Apache Kafka
Apache Kafka is a publish/subscribe messaging system designed to solve the problem of having many pub/sub systems. It’s known as a “distributing streaming platform”. The data is stored durably, it can be read deterministically and can be distributed within the system to protect against failure and opportunity for scaling performance.
Messages The Unit of Data in Kafka
Kafka works with a message which is like a row in DB perspectives, Kafka messages can also be accompanied by a key, if provided Kafka will try to get the hash of the key and put messages with the same key to the same partition. Deep into Kafka both the message and the key are byte arrays and they have no specific meaning to Kafka.

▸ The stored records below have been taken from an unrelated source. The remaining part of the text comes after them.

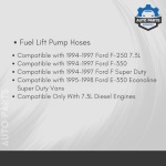 KFL-33 – Connects fuel pressure regulator to the fuel tank return line. The fuel pressure regulator is located on the driver side of the fuel filter housing. Black hose measuring approximately 1.50 inches. Includes (2) hose clamps, replaces OEM part number F4TZ-9324-BA . KFL-34 – Connects the passenger side top fuel pump port to the fuel filter housing. Blue hose measuring approximately 3.25 inches. Includes (2) hose clamps, replaces OE part number F4TZ-9324-CA. KFL-35: Connects the driver side top fuel pump port to the fuel tank hard-line and the fuel pump lower port to the fuel filter housing. Sold as a set of (2) hoses with . Blue hose measuring approximately 2.12 inches, replaces Motorcraft part number F4TZ-9324-DA . KFL-32 : Bypass hose, connects fuel pressure regulator to the bottom of the fuel filter housing on 1994 and 1995 model year engines; not used on later style filter housings. Includes (2) hose clamps. Blue hose measuring approximately 6.50 inches, replaces Ford part number F4TZ-9324-AA F5TZ-9C024-A. – (bypass hose) is applicable for 1994.5 – 1995 Ford F-Series and E-Series only; not used on later style fuel filter housings. We highly recommend replacing these hoses anytime the fuel filter housing is removed for service or a leak is detected. All listed products are identical to the OEM Ford hoses.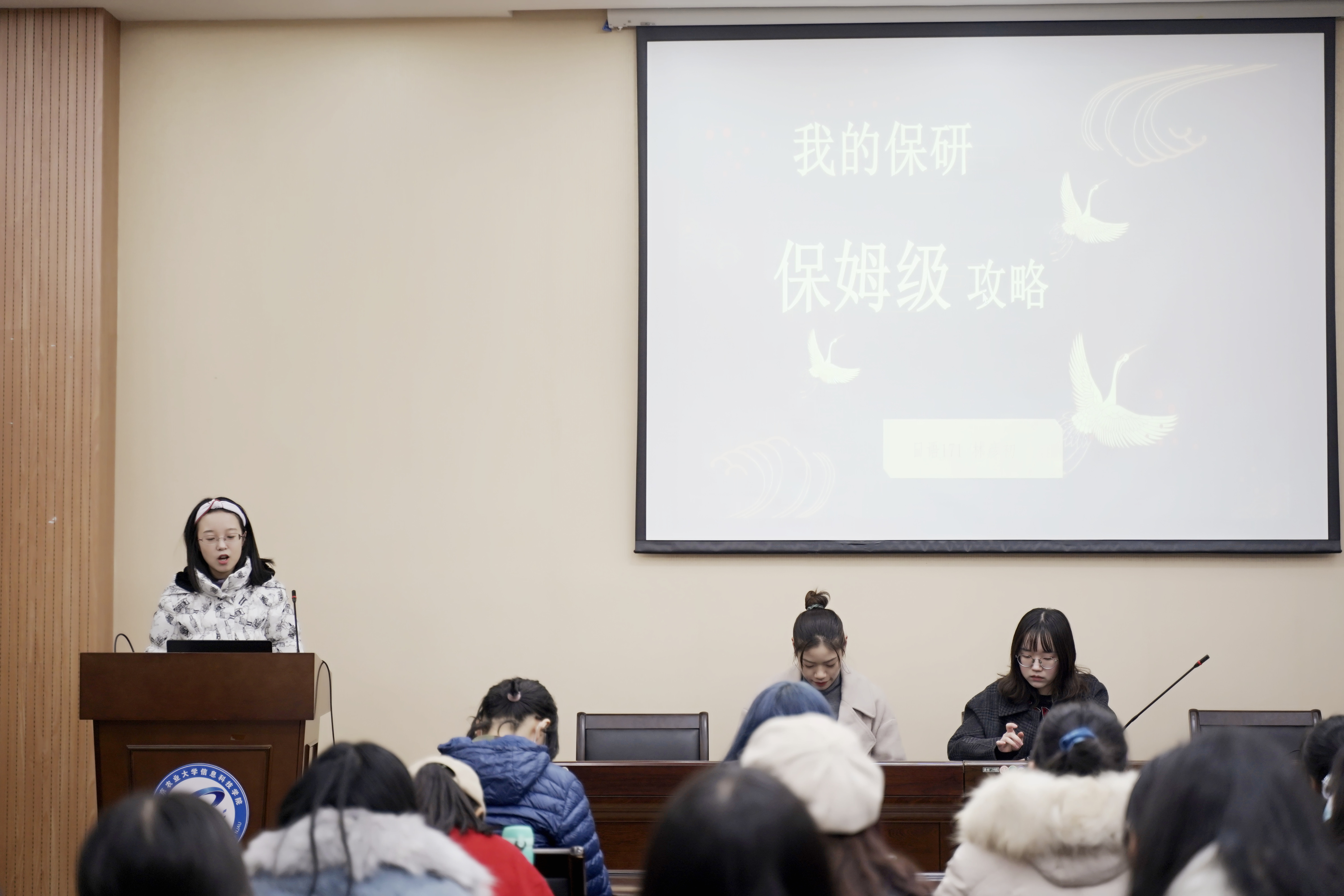 保研交流会在教学楼七楼报告厅举行。2020年推免的五位2017级学生为黄色动漫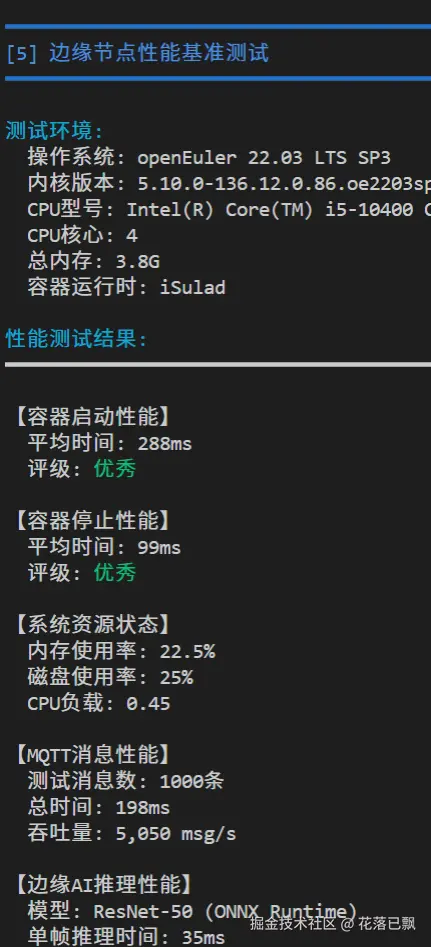 | 测试项 | OpenEuler边缘节点 | 说明 |
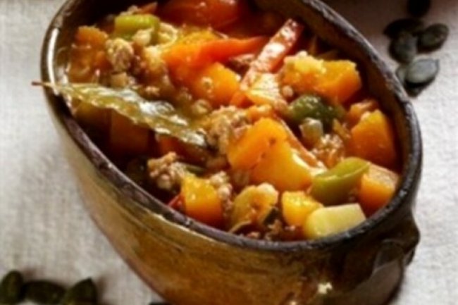 Ингредиенты: 400 г свинины ---------------------- 100 г репчатого лука ---------------------- 150 г моркови ---------------------- 6 огурцов ---------------------- 1 цукини ---------------------- 1 лавровый лист ---------------------- перец черный молотый ---------------------- соль Приготовление: ШАГ 1 Обрезать с мякоти свинины жир и разрезать ее на куски, мясо натереть перцем и дать постоять. ШАГ 2 Измельчить лук на мясорубке или приготовить луковое пюре в блендере, все овощи нарезать кружками. ШАГ 3 Выложить слоями в неглубокую кастрюлю овощи: половину огурцов, морковь, мясо, лук, цуккини, снова огурцы. ШАГ 4 Залить в кастрюлю кипяток, последний слой огурцов должен лишь слегка покрываться водой. ШАГ 5 Готовить блюдо на сильном огне, довести до кипения, а потом варить до мягкости мяса, свинина с огурцами, морковью и цуккини должна настояться после окончания варки 15-20 минут. ШАГ 6 Мясо и овощи разложить по тарелкам и подать с греческим йогуртом. Приятного Вам аппетита!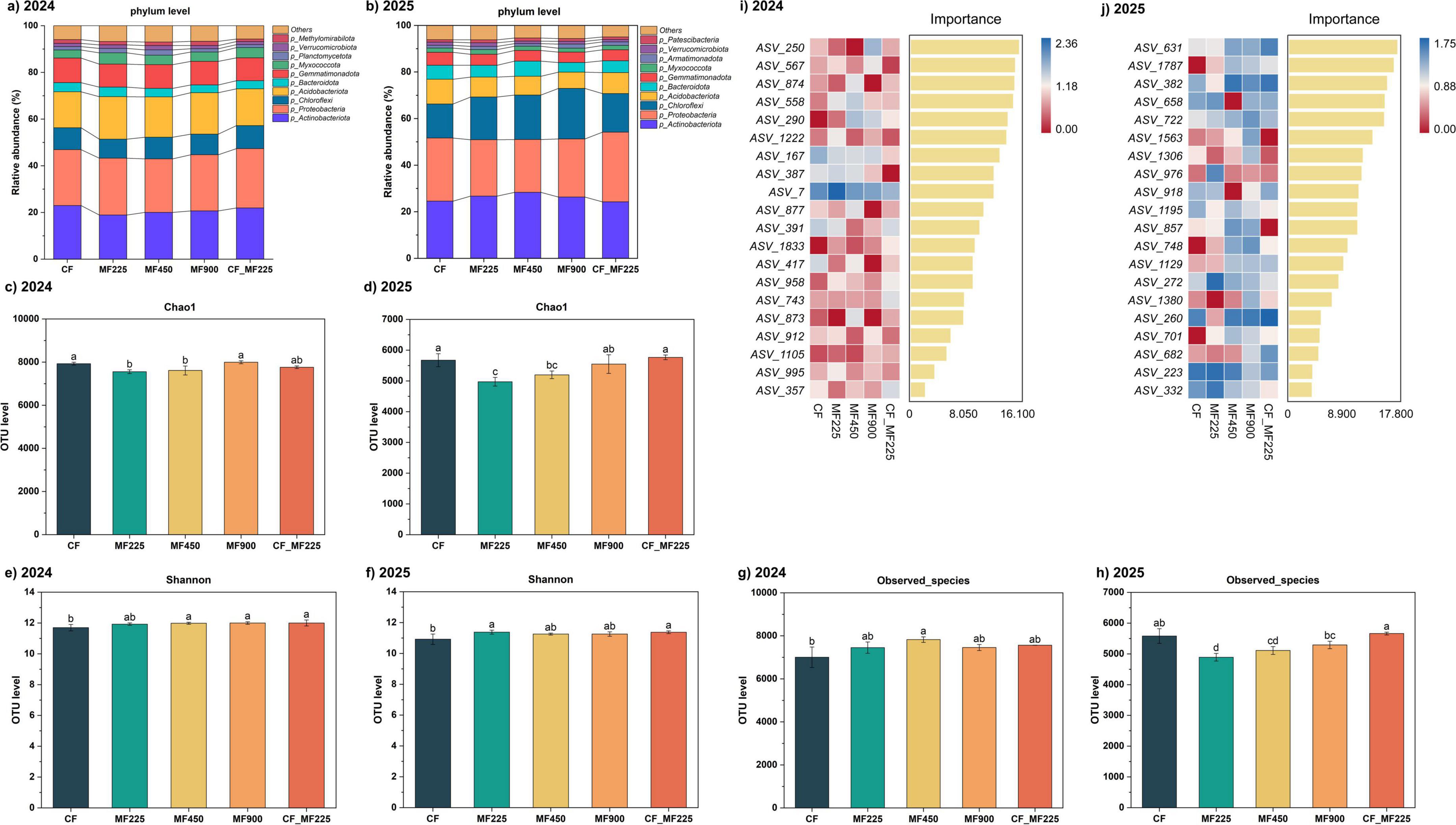 Figure 5. Effects of fertilization treatments on microbial community and diversity indices in 2024 and 2025. Microbial community structure and species composition (a,b), Chao1 index (c,d), Shannon index (e,f), observed species richness (g,h), and random forest analysis of top discriminant ASVs (i,j), showing heatmap-based relative abundances and random forest importance scores, with the color scale indicating standardized abundance: blue = high, red = low). Different letters indicate significantly different values (P < 0.05).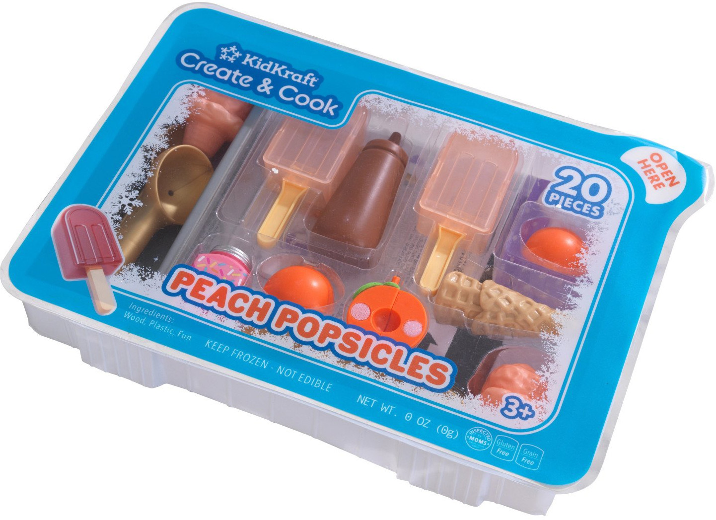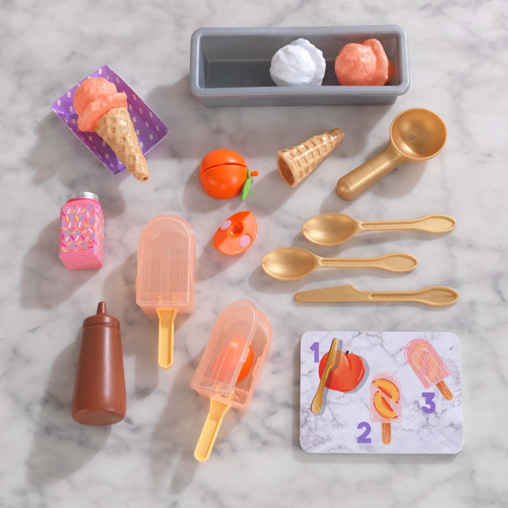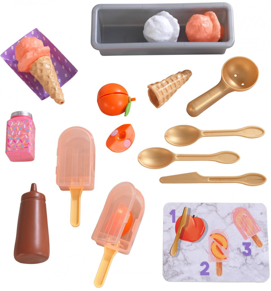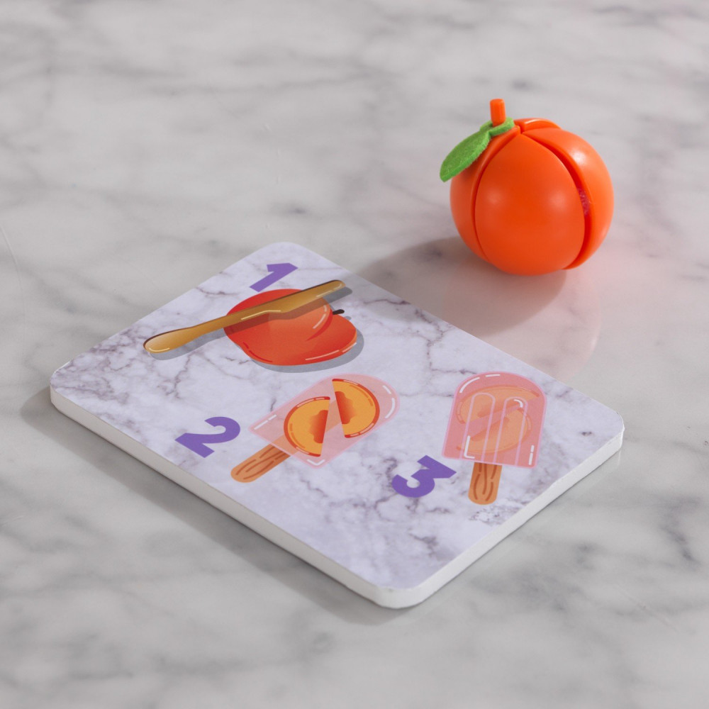 Во время игры ребенок сможет развить моторику рук, пофантазировать, а также представить себя в роли повара или посетителя кондитерской. Все элементы набора изготовлены из качественных и безопасных материалов. Ломтики персика можно поместить внутрь фруктового мороженого для получения ледяного угощения. Ломтики персика соединены магнитами. Его легко можно разрезать по половинкам и добавить в ледяное мороженное. Карточка с рецептами служит также разделочной доской. Для более насыщенного вкуса в набор добавлена посыпка и шоколадный соус.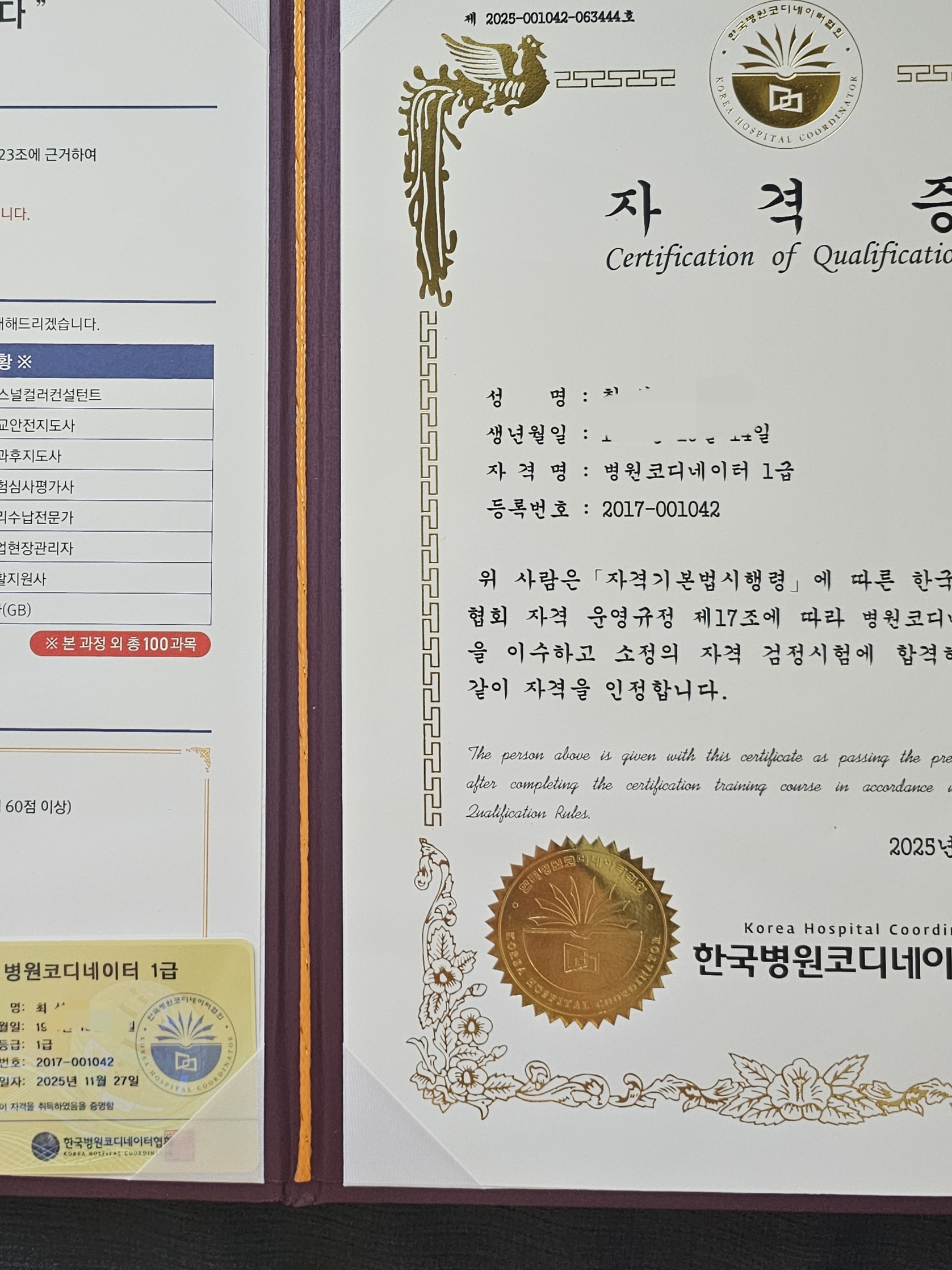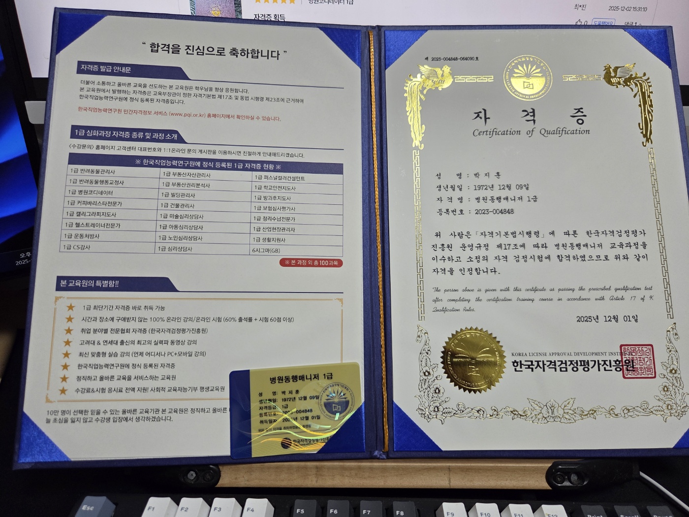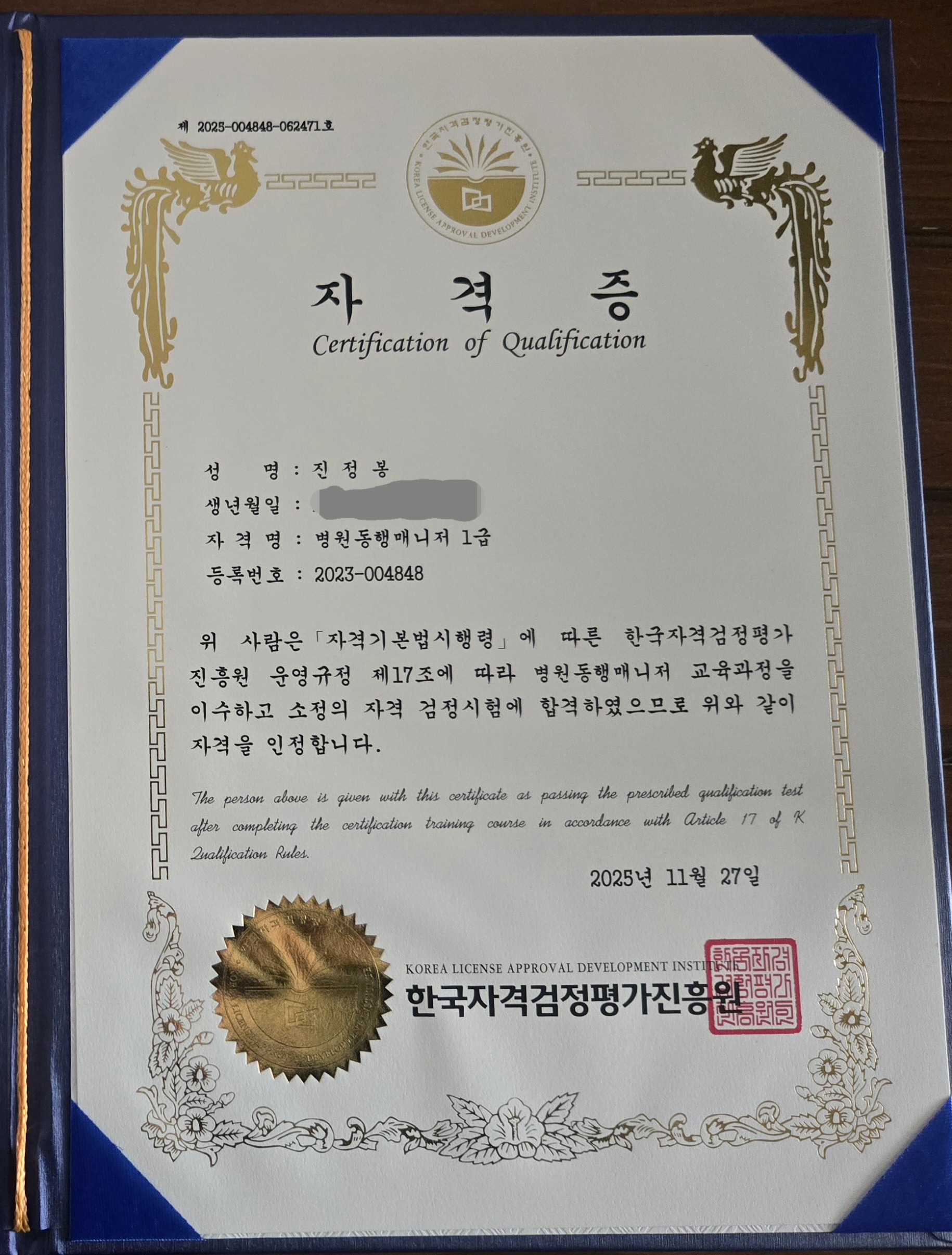 병원동행매니져 자격증 강의를 듣고 하루만에 합격하게 되었네요 새로운 일에 도전하기에 참 좋았던거 같습니다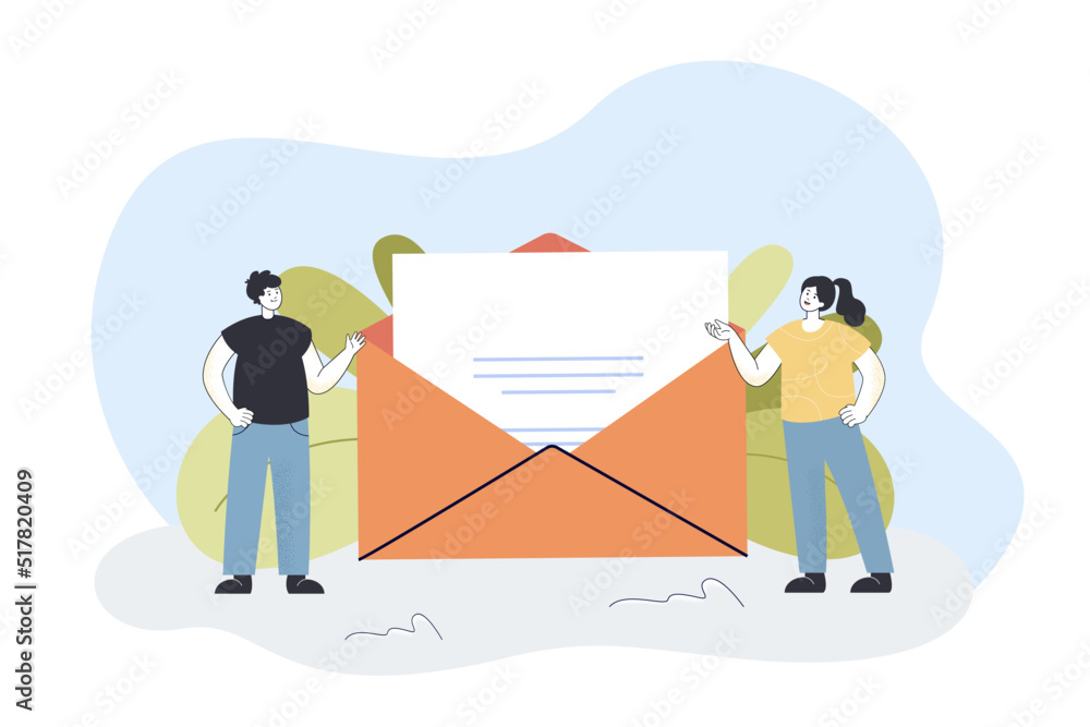 Wall mural man and woman standing next to huge open envelope with paper. characters talking via letters or e-ma - Wall murals Wall mural man and woman standing next to huge open envelope with paper. characters talking via letters or e-ma - Wall murals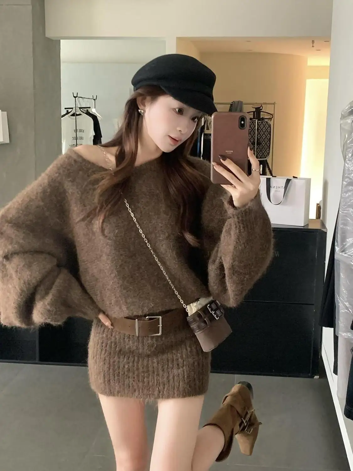 Femmes tricot pull pull manches chauve-souris Sexy longs tricots hanche jupe pull avec ceintures Vintage automne hiver tricoté pulls

Kafka consumes messages in batches for the same topic and partition to improve efficiency but the larger the batch the longer it will take a message to propagate to all nodes/brokers, the batches are also compressed.
Kafka Schema
The main schemas of Kafka are JSON, XML and Apache Avro. Using key and message serializers you publish/consume a message to Kafka. Apache Avro (row-oriented remote procedure call & data serialization framework) is a different topic that requires a separate post.
Topics and Partitions In Kafka
We can think of a topic like a folder/directory in your computer, or as a table in a database, though, because of partitions/commit logs, it’s better to think of the topic like a folder/directory.
A topic can have 1-N partitions as shown in figure 1, partitions are like a log/file (commit log) in a folder, data are added in append order. Messages with the same key are written to the same partition(log file). The partition in a topic can be hosted on a different server to scale a topic horizontally. Partitions are also replicated to provide durability against server failure.
Figure: 1 Topic with 3 partitions
Topics are what are sometimes called streams in real-time data processing, you will have 1-N producers producing data in real-time to the topic and 1-N consumers consuming the data from the topic in real-time, though it doesn’t have to be real-time because Kafka commit-logs can be processed at any time.
Kafka Clients
The basic clients of Kafka are producers and consumers, though other clients are used for advanced data processing, such as Kafka Connect API. The advanced APIs also used producers and consumers at their core. The producers/publishers/writers are the clients that produce/send/write messages to the Kafka cluster and the consumers/subscribers/readers are the clients that consume/read/get messages from the Kafka broker and process them.
The producer subscribes to Kafka topic and produces messages to the topic and Kafka distributes the messages evenly to the partitions of the topic, if a message has a key then the message would be written to a partition based on the hash generated from the message key and subsequent messages with the same key would be written to that partition.
Consumers can subscribe to one or more topics and consume messages from the topic partitions. The consumer also keeps track of the processed messages through the message offset. An offset is an integer number generated by the broker in increasing order and attached to a message when a message is produced to Kafka, if a consumer fails, it can continue where it stopped when it’s back.
Consumers work in groups as shown in figure 2, and the partitions in the topic are distributed to the members of the group so that each member can consume only the partition assigned to it. This enables horizontal scaling of the consumers, and if a consumer fails the partition of the consumer is assigned to other consumers of the group to continue processing.
Figure: 2 Consumers group with 3 consumers each processing one partition
Conclusion
These are some of the basic components of Apache Kafka and how they operate, knowing how producers, consumers and brokers/clusters work are crucial to understanding Apache Kafka. Next, we will explore more about Apache Kafka broker/cluster.